• [REQUIREMENT]:
Range to copy from the entries below: the line containing "Sản phẩm Renew" through the line containing "2025年百名店の鉄板焼&グ", inclusive. Retype only those lines, exactly, without any images.

• [DATA SHOWN]:
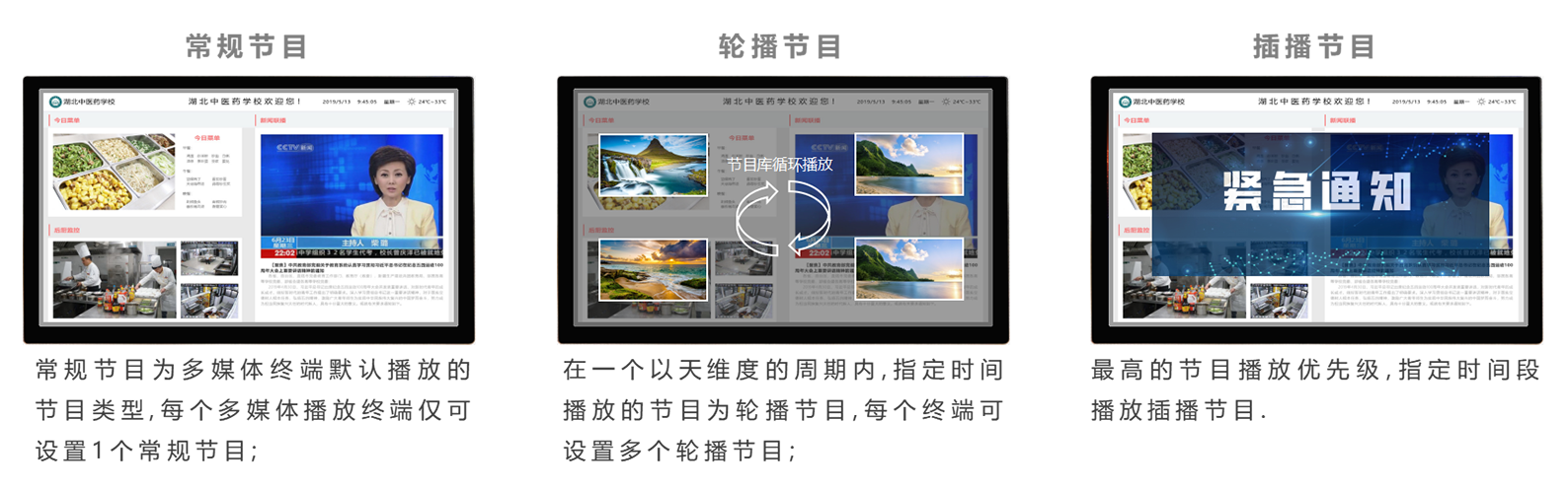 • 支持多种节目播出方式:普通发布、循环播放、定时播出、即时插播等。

...

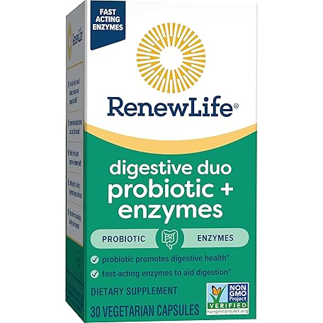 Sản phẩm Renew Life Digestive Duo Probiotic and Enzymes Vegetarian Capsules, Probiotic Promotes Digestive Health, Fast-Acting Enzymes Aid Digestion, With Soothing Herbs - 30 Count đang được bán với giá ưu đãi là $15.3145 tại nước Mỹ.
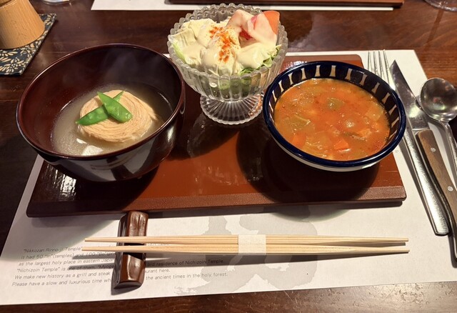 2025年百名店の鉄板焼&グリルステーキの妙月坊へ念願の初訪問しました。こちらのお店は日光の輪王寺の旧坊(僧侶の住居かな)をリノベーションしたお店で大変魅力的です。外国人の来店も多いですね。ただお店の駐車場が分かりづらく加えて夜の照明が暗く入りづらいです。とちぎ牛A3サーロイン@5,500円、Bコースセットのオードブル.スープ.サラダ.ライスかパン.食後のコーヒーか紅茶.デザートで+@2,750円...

• [RESPONSE FOR THIS EXERCISE]:
 Sản phẩm Renew Life Digestive Duo Probiotic and Enzymes Vegetarian Capsules, Probiotic Promotes Digestive Health, Fast-Acting Enzymes Aid Digestion, With Soothing Herbs - 30 Count đang được bán với giá ưu đãi là $15.3145 tại nước Mỹ.
 2025年百名店の鉄板焼&グリルステーキの妙月坊へ念願の初訪問しました。こちらのお店は日光の輪王寺の旧坊(僧侶の住居かな)をリノベーションしたお店で大変魅力的です。外国人の来店も多いですね。ただお店の駐車場が分かりづらく加えて夜の照明が暗く入りづらいです。とちぎ牛A3サーロイン@5,500円、Bコースセットのオードブル.スープ.サラダ.ライスかパン.食後のコーヒーか紅茶.デザートで+@2,750円...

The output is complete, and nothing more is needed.